■ Exercise prompt ■
Starting at the first line of the entries below, output every line exactly, up to and including the line with "3月28日に産卵を見た卵から孵化した幼虫が糸で作った巣の内外で集団で暮らしている様子です。 トップページへ |".

Records from a collection:

Segment Open

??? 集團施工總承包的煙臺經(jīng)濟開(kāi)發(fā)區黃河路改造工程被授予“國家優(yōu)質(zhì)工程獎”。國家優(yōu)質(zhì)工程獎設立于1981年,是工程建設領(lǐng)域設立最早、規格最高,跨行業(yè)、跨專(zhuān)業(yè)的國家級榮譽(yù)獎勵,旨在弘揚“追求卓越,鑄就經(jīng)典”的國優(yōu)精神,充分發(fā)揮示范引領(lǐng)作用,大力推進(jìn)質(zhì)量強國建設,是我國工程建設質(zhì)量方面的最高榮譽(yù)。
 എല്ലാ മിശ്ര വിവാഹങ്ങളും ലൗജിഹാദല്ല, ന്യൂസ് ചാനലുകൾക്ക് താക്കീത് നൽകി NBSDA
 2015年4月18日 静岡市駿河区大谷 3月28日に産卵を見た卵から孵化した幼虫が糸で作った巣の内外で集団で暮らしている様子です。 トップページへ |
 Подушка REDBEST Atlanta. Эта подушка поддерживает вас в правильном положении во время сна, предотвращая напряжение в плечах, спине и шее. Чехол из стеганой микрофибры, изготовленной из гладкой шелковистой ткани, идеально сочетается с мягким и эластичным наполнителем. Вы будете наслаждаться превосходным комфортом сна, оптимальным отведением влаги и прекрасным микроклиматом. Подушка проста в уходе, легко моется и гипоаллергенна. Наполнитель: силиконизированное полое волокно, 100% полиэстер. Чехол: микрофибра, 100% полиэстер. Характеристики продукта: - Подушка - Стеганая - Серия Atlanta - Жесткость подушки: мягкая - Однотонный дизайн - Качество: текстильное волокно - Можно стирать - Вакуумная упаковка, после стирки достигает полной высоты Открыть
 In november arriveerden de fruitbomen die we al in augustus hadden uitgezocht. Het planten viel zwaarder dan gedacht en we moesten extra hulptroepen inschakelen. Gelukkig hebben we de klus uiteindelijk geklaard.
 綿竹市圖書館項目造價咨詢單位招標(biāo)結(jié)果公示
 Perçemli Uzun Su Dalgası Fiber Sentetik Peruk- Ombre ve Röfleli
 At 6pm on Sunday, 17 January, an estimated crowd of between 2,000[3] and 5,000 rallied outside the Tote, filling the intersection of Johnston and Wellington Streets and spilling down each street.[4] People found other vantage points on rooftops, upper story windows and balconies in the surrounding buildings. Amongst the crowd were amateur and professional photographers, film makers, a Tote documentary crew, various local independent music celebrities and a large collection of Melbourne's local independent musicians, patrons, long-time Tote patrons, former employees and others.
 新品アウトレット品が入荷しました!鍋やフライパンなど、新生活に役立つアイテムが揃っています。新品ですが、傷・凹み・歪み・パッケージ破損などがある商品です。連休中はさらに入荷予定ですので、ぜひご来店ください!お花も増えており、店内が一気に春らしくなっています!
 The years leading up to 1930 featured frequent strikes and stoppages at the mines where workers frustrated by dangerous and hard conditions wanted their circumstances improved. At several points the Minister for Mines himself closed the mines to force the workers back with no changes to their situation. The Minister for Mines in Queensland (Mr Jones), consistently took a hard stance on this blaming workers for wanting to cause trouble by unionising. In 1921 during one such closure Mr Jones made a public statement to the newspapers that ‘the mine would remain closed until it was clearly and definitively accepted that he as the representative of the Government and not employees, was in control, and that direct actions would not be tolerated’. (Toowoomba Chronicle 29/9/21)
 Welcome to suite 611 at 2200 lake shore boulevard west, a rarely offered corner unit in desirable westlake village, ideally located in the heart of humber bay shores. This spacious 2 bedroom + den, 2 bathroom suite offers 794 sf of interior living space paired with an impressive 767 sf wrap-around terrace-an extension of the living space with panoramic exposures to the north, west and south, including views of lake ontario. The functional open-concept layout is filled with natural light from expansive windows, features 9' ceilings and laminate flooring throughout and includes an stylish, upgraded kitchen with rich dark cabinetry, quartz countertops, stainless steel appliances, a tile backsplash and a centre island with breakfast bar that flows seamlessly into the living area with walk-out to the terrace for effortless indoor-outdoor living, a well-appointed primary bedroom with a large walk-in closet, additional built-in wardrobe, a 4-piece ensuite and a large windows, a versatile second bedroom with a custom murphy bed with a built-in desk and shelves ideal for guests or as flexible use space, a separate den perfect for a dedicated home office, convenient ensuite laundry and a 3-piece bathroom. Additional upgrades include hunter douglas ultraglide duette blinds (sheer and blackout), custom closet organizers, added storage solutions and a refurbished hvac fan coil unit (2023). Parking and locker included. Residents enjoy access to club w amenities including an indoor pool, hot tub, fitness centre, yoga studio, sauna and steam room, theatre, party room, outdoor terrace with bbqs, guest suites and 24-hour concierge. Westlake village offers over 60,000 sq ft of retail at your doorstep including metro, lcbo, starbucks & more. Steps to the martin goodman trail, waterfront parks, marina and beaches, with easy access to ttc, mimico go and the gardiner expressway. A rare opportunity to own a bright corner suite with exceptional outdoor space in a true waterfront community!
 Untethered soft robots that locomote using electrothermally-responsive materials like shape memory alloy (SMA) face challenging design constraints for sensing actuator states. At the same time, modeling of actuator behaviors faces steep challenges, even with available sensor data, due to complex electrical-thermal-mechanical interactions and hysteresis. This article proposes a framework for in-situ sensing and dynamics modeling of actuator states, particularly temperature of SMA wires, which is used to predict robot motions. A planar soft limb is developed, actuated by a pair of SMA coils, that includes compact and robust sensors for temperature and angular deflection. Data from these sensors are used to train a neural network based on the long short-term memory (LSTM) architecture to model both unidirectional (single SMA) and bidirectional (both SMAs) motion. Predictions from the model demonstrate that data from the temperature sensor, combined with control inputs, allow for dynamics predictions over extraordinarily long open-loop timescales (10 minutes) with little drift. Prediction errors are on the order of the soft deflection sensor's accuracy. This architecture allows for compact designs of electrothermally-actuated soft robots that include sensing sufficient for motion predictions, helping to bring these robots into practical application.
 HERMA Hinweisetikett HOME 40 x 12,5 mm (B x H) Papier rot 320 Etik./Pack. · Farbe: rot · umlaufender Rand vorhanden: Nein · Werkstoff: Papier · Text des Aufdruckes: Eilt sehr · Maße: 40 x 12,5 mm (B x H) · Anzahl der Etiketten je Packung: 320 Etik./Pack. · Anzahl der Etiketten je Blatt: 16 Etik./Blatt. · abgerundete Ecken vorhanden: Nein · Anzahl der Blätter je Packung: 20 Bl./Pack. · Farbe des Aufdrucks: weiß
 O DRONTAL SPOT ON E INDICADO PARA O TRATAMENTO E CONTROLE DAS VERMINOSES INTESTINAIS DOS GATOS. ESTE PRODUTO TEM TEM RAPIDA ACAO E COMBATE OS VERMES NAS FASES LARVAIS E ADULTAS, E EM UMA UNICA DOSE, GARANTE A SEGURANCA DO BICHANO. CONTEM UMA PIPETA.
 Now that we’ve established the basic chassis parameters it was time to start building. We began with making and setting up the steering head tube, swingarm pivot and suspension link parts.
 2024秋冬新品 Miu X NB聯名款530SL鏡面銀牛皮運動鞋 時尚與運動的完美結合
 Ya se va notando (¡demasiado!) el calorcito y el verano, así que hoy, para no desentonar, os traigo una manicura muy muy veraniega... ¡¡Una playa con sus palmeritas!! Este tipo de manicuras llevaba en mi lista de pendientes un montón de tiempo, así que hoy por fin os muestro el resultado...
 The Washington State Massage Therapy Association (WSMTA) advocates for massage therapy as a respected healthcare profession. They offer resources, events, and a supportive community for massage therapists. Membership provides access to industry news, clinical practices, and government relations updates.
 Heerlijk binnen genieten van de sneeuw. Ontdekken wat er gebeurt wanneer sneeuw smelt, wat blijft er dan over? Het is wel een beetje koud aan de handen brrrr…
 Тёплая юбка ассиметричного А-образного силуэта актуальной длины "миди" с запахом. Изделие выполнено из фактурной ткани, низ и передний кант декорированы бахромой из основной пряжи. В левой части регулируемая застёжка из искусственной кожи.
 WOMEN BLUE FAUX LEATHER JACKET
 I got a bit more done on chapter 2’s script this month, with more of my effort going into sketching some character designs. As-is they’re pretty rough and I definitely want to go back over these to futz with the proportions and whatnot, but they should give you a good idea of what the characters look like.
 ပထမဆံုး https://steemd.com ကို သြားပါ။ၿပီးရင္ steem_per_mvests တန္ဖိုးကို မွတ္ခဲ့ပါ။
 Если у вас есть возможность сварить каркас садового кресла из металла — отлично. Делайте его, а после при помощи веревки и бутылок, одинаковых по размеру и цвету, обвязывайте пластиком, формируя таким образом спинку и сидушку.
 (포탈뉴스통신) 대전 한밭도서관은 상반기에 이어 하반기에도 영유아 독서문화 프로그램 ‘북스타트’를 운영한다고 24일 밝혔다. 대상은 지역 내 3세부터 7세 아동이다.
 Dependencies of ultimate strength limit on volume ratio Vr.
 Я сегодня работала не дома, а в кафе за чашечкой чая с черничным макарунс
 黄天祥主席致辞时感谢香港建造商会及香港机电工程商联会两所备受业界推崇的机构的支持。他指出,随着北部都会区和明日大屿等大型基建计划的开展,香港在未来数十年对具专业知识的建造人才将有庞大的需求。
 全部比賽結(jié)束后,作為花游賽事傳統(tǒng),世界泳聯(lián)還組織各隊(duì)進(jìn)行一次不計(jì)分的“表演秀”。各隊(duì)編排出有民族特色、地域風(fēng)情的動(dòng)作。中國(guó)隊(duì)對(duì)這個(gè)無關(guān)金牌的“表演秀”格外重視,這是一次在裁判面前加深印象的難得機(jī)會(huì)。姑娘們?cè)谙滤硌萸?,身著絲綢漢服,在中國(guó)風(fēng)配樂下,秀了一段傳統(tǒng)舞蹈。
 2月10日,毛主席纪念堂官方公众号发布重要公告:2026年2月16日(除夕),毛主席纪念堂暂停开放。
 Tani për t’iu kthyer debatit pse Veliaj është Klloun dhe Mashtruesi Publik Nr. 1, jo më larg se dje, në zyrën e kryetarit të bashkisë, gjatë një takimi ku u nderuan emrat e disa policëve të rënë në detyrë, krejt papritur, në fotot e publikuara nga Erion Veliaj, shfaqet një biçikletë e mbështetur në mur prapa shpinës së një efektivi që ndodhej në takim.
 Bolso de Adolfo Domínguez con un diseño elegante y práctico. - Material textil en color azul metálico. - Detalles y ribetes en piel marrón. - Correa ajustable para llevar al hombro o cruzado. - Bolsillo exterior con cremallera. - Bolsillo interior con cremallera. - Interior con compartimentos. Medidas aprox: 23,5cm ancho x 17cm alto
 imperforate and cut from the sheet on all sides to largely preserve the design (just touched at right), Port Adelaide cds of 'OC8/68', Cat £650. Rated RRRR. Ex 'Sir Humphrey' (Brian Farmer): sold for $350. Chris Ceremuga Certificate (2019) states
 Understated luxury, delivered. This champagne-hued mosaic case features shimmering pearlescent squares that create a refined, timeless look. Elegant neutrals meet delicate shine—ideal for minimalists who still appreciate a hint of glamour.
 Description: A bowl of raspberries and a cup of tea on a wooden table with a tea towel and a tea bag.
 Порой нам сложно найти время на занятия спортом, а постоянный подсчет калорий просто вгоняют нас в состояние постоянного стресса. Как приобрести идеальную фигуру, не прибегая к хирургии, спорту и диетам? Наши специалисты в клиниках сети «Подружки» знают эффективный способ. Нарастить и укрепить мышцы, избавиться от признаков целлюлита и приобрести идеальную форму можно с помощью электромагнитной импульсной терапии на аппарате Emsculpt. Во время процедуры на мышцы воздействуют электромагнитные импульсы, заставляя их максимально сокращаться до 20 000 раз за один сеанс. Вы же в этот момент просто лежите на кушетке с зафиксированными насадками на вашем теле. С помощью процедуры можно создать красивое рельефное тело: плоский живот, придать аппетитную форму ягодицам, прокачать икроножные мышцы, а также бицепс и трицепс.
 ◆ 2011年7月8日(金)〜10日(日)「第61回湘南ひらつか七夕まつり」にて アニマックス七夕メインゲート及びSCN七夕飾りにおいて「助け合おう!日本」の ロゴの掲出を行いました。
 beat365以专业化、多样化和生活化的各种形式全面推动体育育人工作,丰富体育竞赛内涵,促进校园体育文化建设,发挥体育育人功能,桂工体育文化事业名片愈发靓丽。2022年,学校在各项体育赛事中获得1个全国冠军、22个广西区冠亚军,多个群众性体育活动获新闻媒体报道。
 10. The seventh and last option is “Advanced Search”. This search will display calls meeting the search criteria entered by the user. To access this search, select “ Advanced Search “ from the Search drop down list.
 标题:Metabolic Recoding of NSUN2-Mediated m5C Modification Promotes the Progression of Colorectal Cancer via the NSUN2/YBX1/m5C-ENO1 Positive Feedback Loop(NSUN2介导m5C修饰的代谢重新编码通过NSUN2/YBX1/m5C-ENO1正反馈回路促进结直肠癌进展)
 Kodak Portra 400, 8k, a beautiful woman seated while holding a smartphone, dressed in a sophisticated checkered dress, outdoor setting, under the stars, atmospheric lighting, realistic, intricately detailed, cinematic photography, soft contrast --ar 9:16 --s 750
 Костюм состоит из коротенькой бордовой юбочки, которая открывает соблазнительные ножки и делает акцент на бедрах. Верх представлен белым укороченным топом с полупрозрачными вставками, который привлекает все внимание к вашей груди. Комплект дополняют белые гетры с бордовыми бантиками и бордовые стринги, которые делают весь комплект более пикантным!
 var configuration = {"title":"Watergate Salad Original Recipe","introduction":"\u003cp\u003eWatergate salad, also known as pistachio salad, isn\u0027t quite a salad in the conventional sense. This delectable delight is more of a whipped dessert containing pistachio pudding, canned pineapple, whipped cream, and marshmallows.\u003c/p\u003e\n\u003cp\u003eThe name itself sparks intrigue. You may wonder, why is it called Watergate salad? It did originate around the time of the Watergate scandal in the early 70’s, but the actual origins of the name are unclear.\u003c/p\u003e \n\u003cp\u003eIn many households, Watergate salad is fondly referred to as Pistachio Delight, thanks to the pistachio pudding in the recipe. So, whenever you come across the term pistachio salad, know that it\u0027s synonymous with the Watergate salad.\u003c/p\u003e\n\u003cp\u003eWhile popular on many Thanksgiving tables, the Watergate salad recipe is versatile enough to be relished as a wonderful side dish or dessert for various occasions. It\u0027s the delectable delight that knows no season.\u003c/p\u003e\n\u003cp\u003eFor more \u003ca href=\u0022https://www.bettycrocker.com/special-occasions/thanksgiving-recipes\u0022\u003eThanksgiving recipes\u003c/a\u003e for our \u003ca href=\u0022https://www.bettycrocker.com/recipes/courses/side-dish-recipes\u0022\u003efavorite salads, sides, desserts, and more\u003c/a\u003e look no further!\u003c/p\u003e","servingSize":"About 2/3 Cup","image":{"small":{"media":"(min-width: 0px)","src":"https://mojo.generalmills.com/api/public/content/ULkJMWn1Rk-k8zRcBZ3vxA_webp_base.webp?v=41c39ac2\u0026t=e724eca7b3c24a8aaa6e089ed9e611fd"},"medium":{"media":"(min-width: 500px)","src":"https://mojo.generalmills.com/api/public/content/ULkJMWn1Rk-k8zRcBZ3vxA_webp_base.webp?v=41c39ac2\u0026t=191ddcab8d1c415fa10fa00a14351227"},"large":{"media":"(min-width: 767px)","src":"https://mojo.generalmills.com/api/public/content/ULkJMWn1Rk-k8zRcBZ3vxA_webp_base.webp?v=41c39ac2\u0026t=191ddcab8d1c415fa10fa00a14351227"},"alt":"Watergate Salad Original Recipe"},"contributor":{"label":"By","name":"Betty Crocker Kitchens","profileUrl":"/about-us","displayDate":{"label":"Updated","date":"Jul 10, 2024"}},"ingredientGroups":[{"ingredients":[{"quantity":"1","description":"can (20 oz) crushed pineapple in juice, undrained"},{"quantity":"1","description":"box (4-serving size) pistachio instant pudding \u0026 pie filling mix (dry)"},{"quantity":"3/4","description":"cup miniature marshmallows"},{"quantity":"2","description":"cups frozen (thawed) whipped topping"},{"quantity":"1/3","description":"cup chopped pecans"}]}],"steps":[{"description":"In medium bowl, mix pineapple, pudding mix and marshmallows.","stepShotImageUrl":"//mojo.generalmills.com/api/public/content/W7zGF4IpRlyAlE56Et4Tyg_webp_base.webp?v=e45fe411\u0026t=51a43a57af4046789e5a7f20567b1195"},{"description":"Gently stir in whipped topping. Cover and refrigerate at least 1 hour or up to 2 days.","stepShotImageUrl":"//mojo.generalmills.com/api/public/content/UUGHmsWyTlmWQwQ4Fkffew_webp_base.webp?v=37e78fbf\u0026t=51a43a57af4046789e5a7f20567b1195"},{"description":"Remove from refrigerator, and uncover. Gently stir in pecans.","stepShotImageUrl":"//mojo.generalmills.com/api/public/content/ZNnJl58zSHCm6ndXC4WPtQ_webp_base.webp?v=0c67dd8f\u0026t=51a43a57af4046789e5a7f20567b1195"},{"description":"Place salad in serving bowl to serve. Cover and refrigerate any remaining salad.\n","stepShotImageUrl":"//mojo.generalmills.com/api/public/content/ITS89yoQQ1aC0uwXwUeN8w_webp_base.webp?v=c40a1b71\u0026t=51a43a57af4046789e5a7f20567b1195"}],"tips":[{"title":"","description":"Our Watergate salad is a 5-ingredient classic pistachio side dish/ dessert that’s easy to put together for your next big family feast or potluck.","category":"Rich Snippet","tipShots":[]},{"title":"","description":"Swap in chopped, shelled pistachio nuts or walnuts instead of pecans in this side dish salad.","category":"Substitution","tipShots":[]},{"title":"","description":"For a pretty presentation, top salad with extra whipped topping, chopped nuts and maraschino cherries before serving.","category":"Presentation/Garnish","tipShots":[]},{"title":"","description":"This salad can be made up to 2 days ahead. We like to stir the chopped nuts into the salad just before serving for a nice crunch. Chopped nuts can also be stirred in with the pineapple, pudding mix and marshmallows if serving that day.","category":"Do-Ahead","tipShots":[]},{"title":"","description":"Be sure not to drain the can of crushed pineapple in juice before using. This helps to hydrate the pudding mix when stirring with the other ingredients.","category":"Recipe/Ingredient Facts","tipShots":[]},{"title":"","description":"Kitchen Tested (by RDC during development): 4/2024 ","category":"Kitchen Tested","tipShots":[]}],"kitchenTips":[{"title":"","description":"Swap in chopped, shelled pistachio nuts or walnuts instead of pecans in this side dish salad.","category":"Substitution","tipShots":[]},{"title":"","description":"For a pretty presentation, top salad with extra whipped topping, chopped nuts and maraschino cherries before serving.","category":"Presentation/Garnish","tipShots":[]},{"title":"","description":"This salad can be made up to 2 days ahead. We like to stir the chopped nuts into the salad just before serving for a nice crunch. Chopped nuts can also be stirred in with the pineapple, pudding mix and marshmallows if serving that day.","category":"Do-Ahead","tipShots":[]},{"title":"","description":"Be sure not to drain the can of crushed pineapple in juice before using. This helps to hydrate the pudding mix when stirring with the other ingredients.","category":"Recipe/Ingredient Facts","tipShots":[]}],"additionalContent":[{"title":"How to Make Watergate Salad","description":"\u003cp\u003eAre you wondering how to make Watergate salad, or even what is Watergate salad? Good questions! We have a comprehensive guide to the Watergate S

Segment Closed

■ Solution below ■
??? 集團施工總承包的煙臺經(jīng)濟開(kāi)發(fā)區黃河路改造工程被授予“國家優(yōu)質(zhì)工程獎”。國家優(yōu)質(zhì)工程獎設立于1981年,是工程建設領(lǐng)域設立最早、規格最高,跨行業(yè)、跨專(zhuān)業(yè)的國家級榮譽(yù)獎勵,旨在弘揚“追求卓越,鑄就經(jīng)典”的國優(yōu)精神,充分發(fā)揮示范引領(lǐng)作用,大力推進(jìn)質(zhì)量強國建設,是我國工程建設質(zhì)量方面的最高榮譽(yù)。
 എല്ലാ മിശ്ര വിവാഹങ്ങളും ലൗജിഹാദല്ല, ന്യൂസ് ചാനലുകൾക്ക് താക്കീത് നൽകി NBSDA
 2015年4月18日 静岡市駿河区大谷 3月28日に産卵を見た卵から孵化した幼虫が糸で作った巣の内外で集団で暮らしている様子です。 トップページへ |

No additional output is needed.